When General Electric Co. (NYSE: GE) reports earnings Friday, the question on investors' minds will be whether the company's industrial and entertainment businesses can pick up the slack from the decline from the finance side.

Most of GE's growth has come from is finance businesses over the past decade, according to the Wall Street Journal (subscription required). That's going to change because its WMC Mortgage unit is a big player in the suprime mortgage market which has recently melted down.

WMC Mortgage rival New Century Financial Inc. (NYSE: NEW) filed for Chapter 11 bankruptcy protection. It remains unclear how badly the General Electric business has been affected though Reuters recently reported that WMC Mortgage had some of the worst-performing loans in the benchmark index for home equity asset-backed securities.

General Electric's strength is that if one of its businesses falters, others can make up for the shortfall.

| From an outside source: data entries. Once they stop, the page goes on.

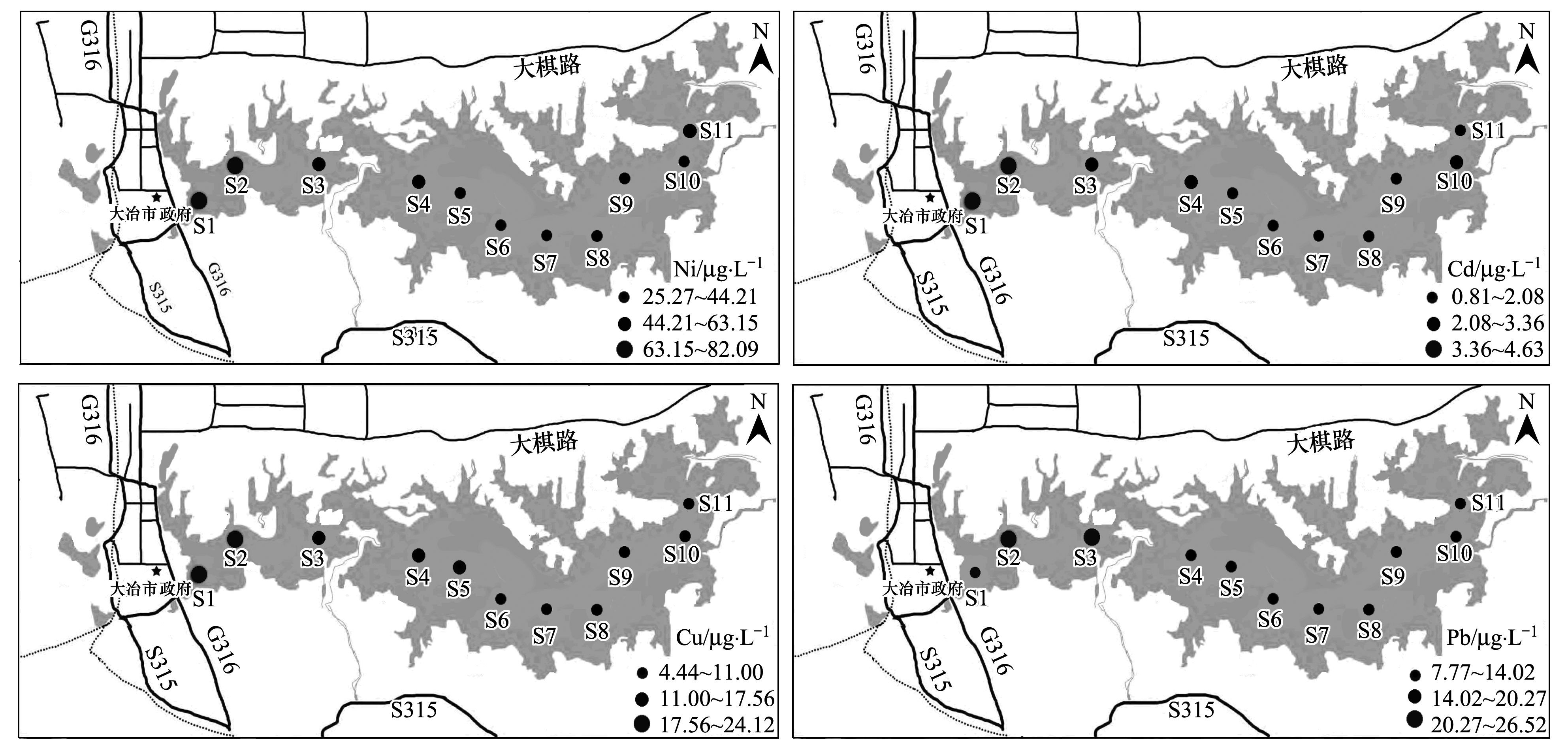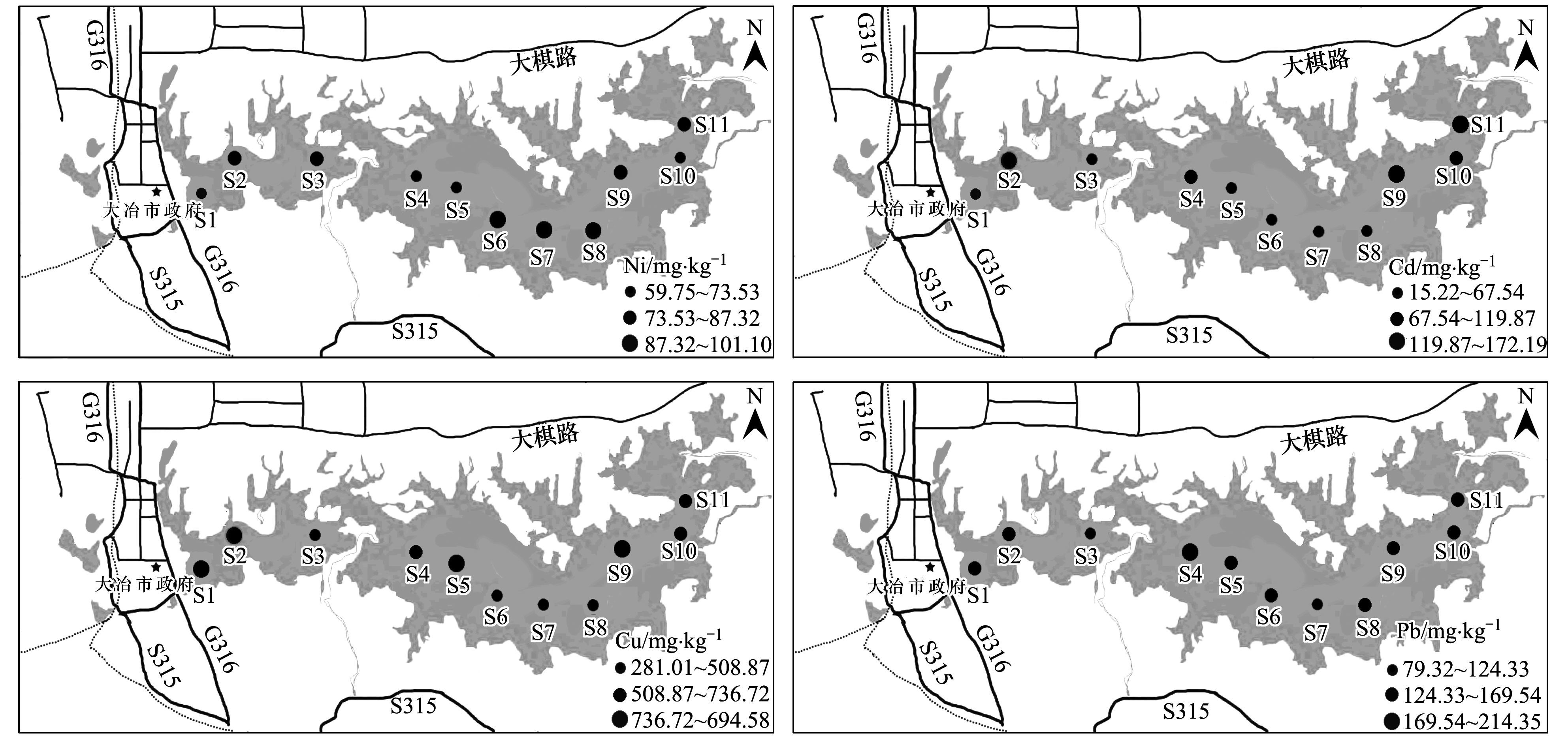重金屬(Ni、Cd、Pb和Cu)元素污染分布特征表現(xiàn)為:大冶湖表層水和沉積物中重金屬元素污染主要分布在市政污水和工業(yè)廢水排污口較集中的湖灣區(qū)域, 而中部重金屬污染總體趨勢一致; 究其原因, 大冶湖湖灣(S1、S2和S11) 周邊分散著多家大型國有高污染礦冶企業(yè)以及大量“五小”(小選礦、小洗礦、小冶煉、小紅磚、小化工)企業(yè).此外, 大冶湖流域植被覆蓋率低, 山體裸露, 地質(zhì)災(zāi)害時有發(fā)生, 水域面積不斷縮小, 人口數(shù)量不斷增加, 同樣也會直接導(dǎo)致大冶湖湖灣處重金屬污染更為嚴(yán)重.由于大冶湖是半封閉的水體, 流動性及與其他水體交換能力低; 大量重金屬污染物主要以懸浮物的形式, 通過各種途徑進(jìn)入湖泊水體后, 隨著水流的搬運(yùn)以及重力沉降作用, 比較終遷移至湖泊沉積物中, 導(dǎo)致大冶湖中部水體重金屬分布較均勻.
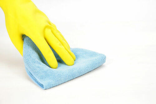 ゴム手袋の下に木綿手袋を装着する
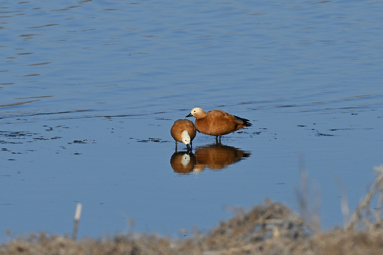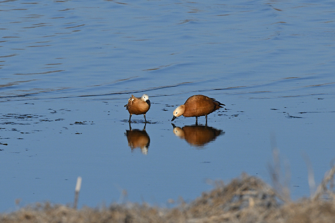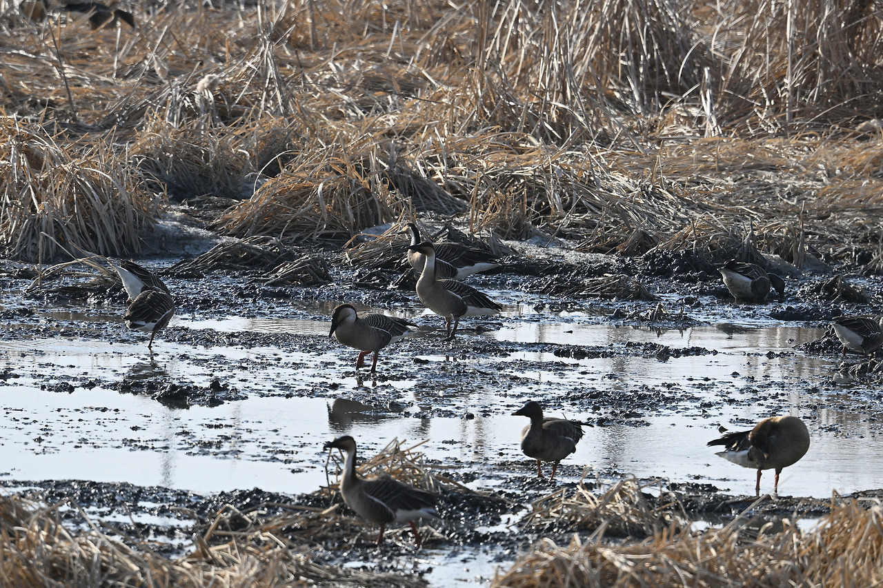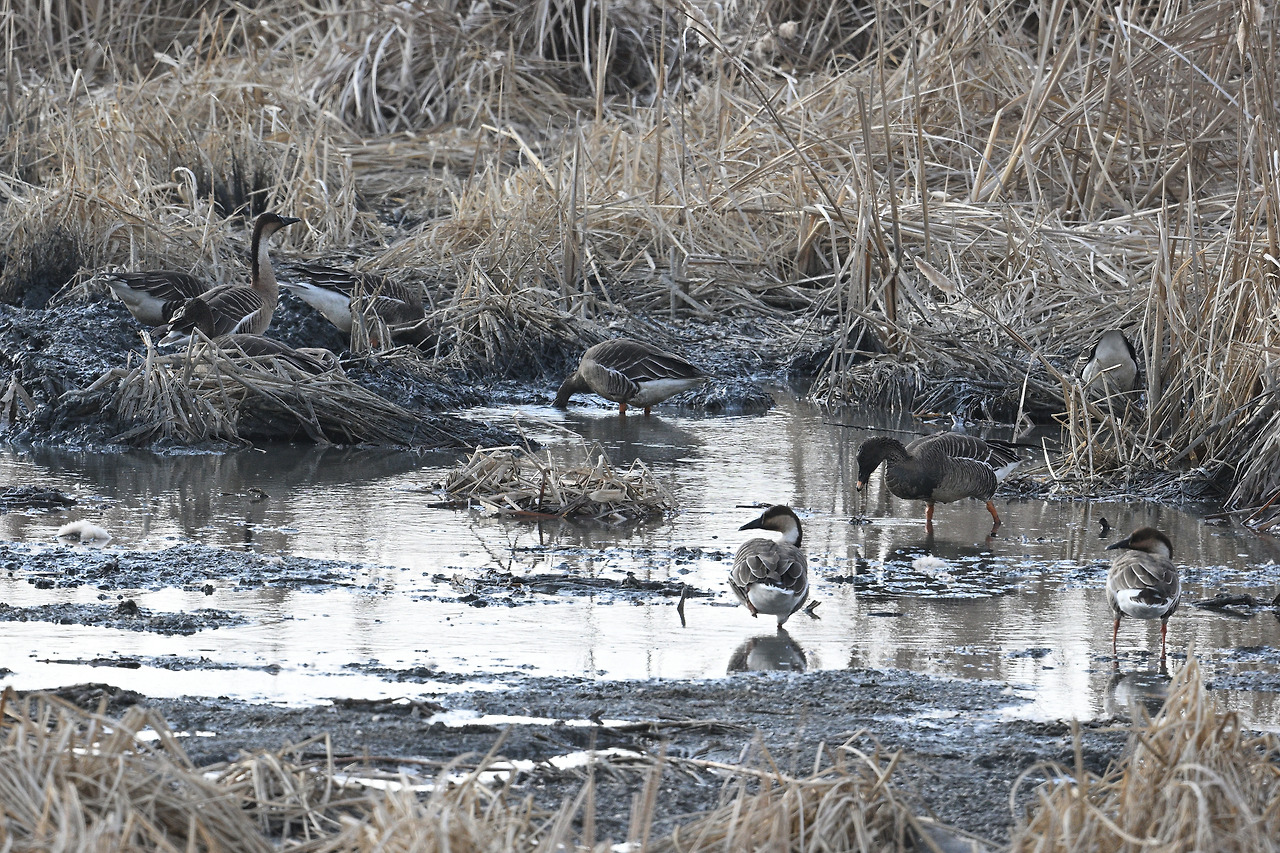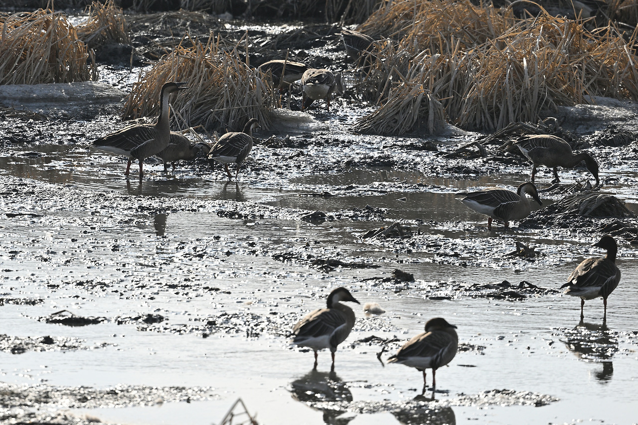 출판단지 습지에 모여 있는 개리(목 부분이 흰색 검은색 나뉜 것이 개리)
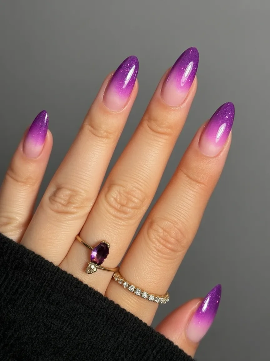 There’s something effortlessly elegant about this soft purple ombré. It feels calm, feminine, and quietly confident—like the first moments of spring when the air is still cool but full of promise. The gentle fade from natural to violet has a dreamy quality that feels polished without trying too hard. It’s the kind of manicure that doesn’t shout for attention, yet somehow always gets noticed.

Consider power generation. Remember that about 245 gigawats of new generating capacity will be needed by 2030, which is equal to about 817 new nuclear power plants, according to data from the Energy Information Administration posted on the Web site of the Edison Electric Institute, a utility trade group.

NBC Universal, long a laggard, is showing signs of life thanks to improvements in the NBC television network. No one should buy GE's stock just because they like "Deal or No Deal." That unit is the smallest by revenue, while its Infrastructure business, which includes power generation is the largest.

Analysts are expecting General Electric to have earnings of 44 cents on revenue of $39.83 billion, according to Thomson Financial.